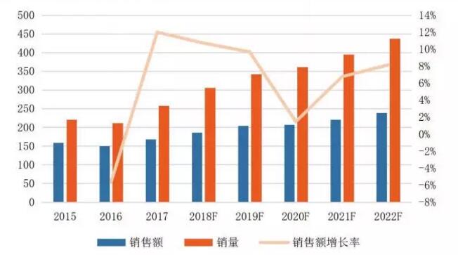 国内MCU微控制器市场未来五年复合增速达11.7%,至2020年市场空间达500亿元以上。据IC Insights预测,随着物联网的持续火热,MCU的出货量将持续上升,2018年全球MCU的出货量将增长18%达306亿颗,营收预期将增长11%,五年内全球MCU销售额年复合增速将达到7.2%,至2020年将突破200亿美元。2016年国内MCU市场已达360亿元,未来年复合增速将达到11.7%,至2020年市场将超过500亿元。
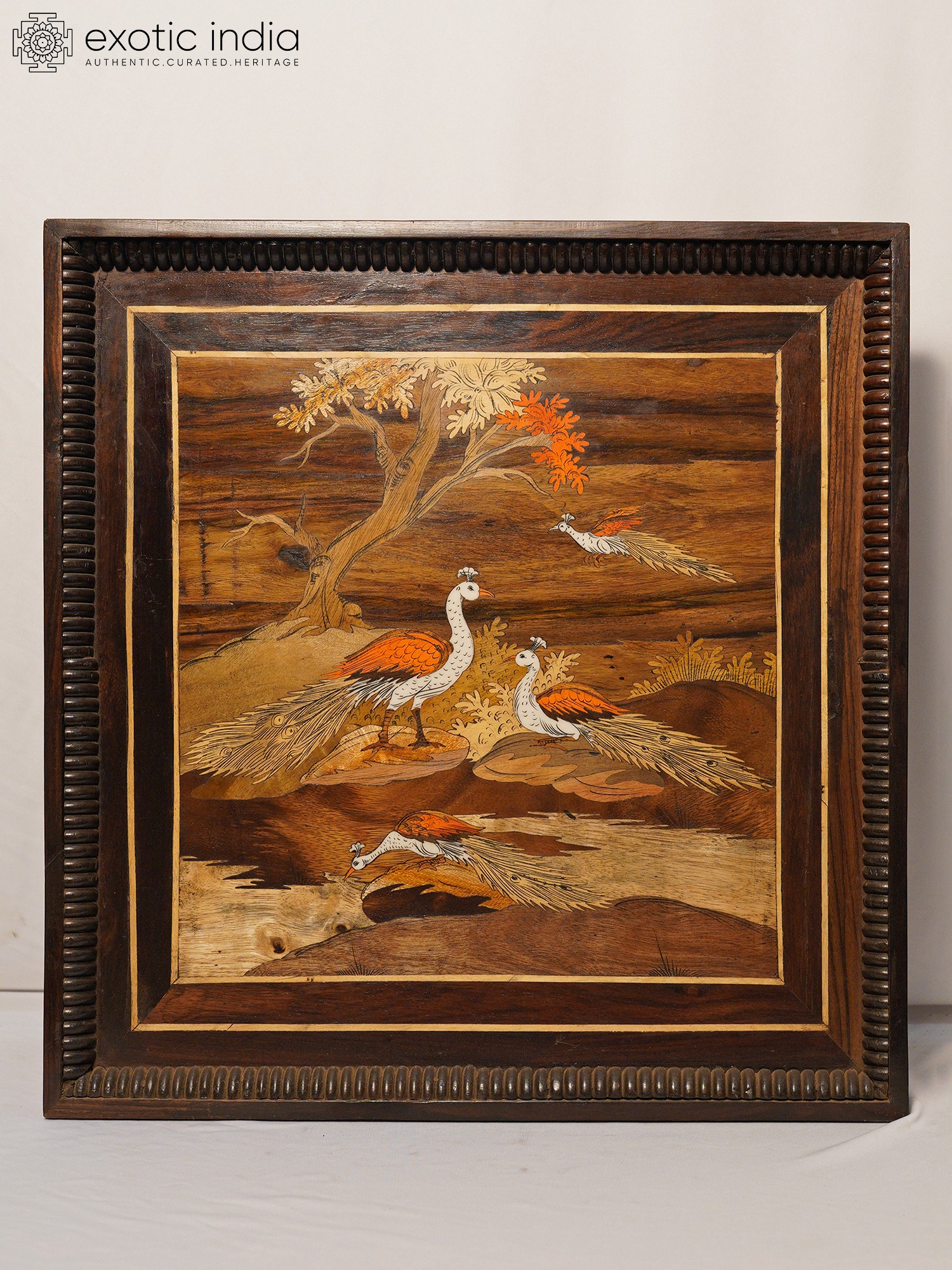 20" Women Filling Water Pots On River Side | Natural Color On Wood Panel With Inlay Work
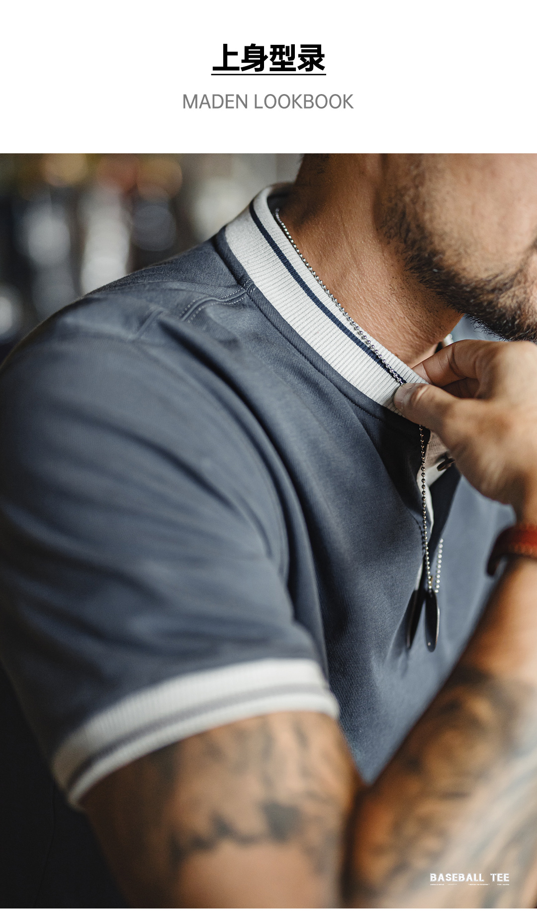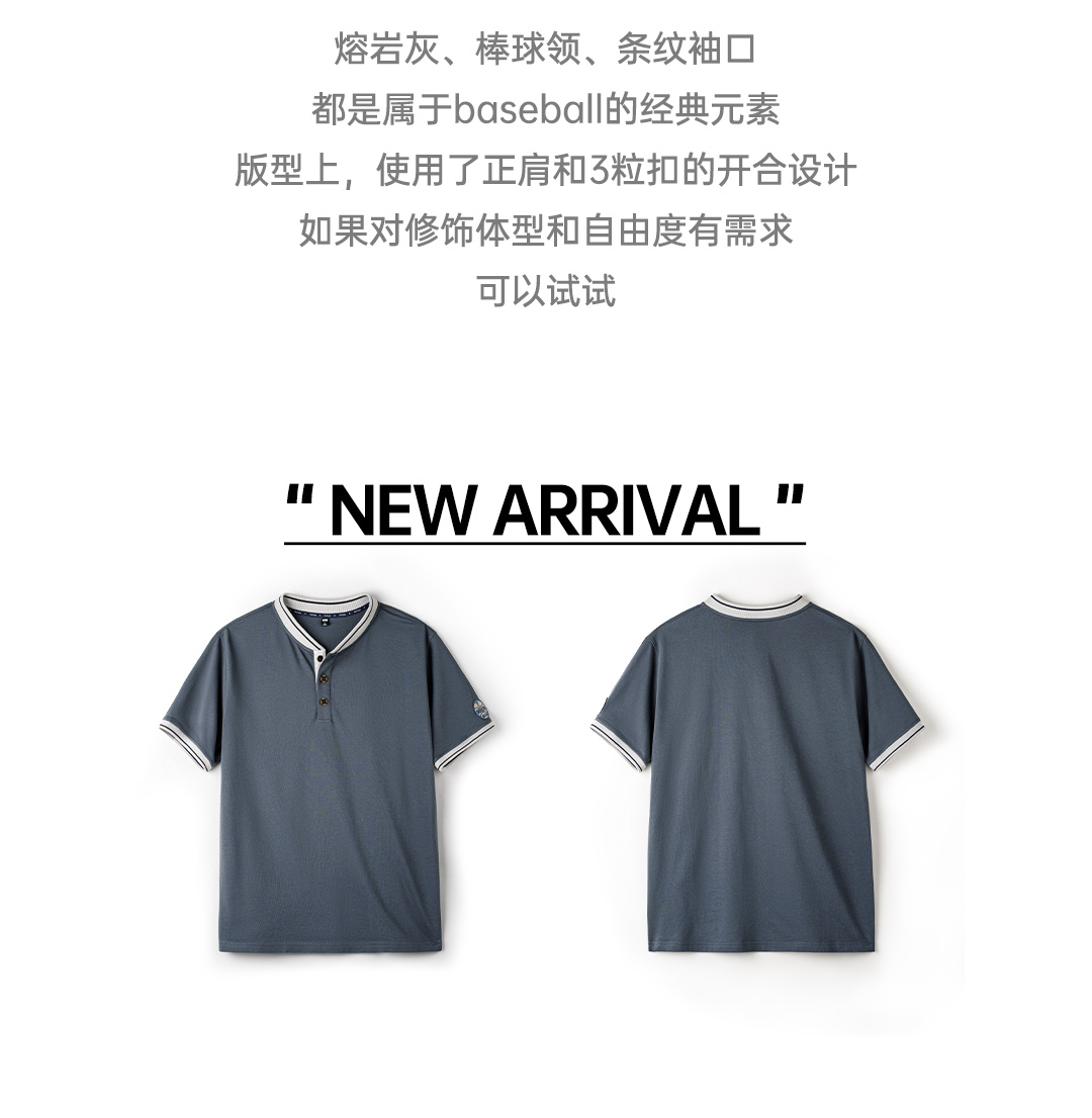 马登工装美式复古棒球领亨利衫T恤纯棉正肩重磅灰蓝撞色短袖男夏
==
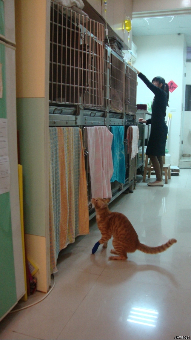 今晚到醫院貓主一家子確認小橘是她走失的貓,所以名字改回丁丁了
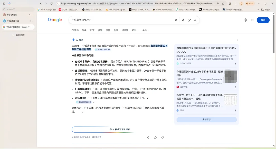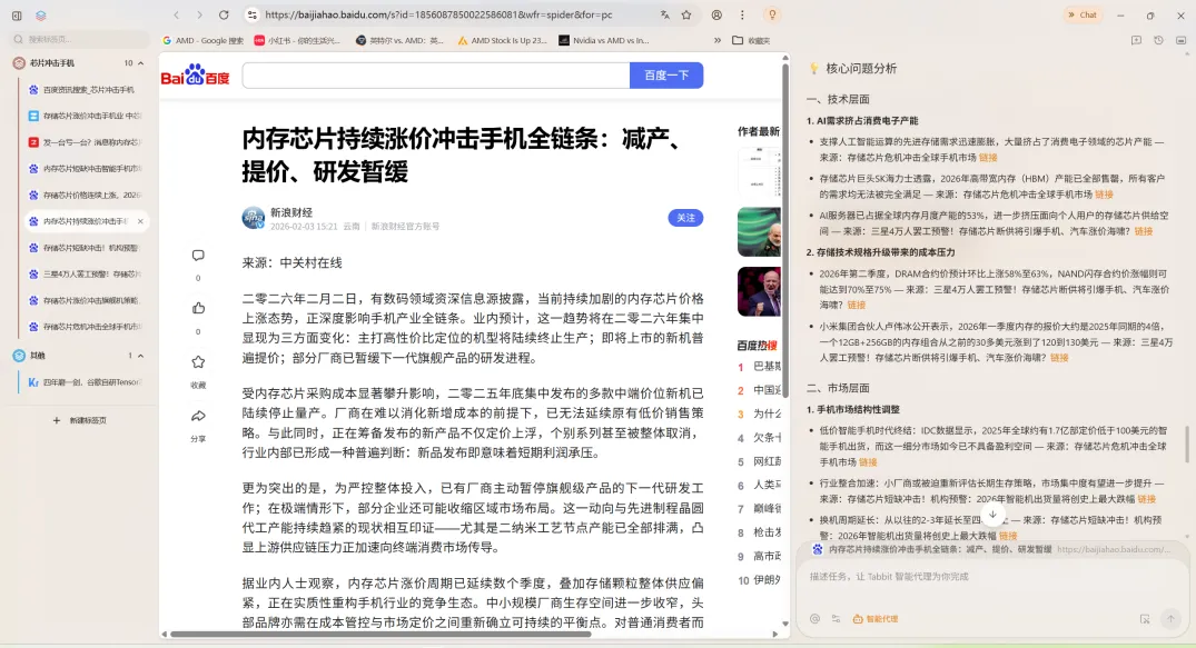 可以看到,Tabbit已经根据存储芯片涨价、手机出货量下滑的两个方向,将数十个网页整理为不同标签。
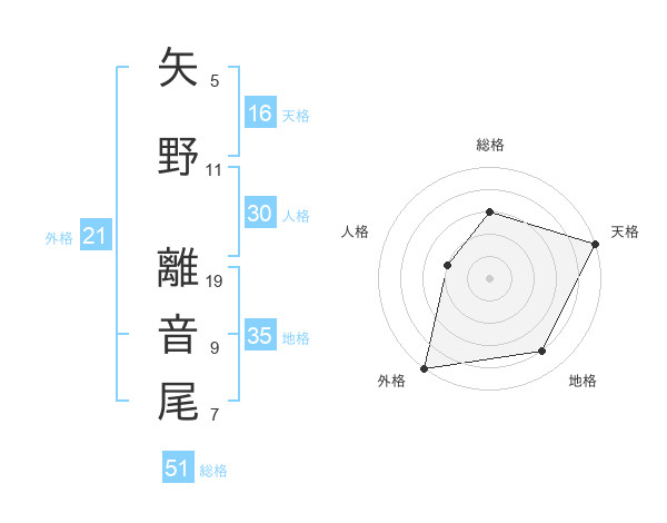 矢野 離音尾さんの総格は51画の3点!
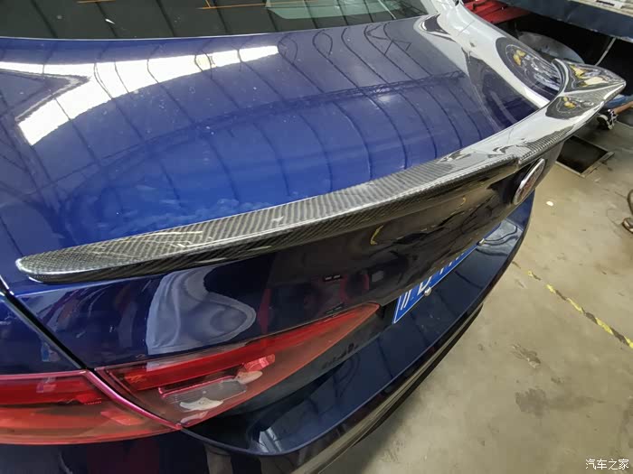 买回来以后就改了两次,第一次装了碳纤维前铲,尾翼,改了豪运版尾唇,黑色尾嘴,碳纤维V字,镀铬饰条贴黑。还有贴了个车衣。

*ASSIGNMENT*
Begin at the line in the entries above that has "国内MCU微控制器市场未来五", stop after the line that has "马登工装美式复古棒球领亨利衫T恤纯棉正肩重磅灰蓝撞色短袖男夏", and output exactly those lines without pictures.

*FINISHED EXERCISE*
 国内MCU微控制器市场未来五年复合增速达11.7%,至2020年市场空间达500亿元以上。据IC Insights预测,随着物联网的持续火热,MCU的出货量将持续上升,2018年全球MCU的出货量将增长18%达306亿颗,营收预期将增长11%,五年内全球MCU销售额年复合增速将达到7.2%,至2020年将突破200亿美元。2016年国内MCU市场已达360亿元,未来年复合增速将达到11.7%,至2020年市场将超过500亿元。
 20" Women Filling Water Pots On River Side | Natural Color On Wood Panel With Inlay Work
 马登工装美式复古棒球领亨利衫T恤纯棉正肩重磅灰蓝撞色短袖男夏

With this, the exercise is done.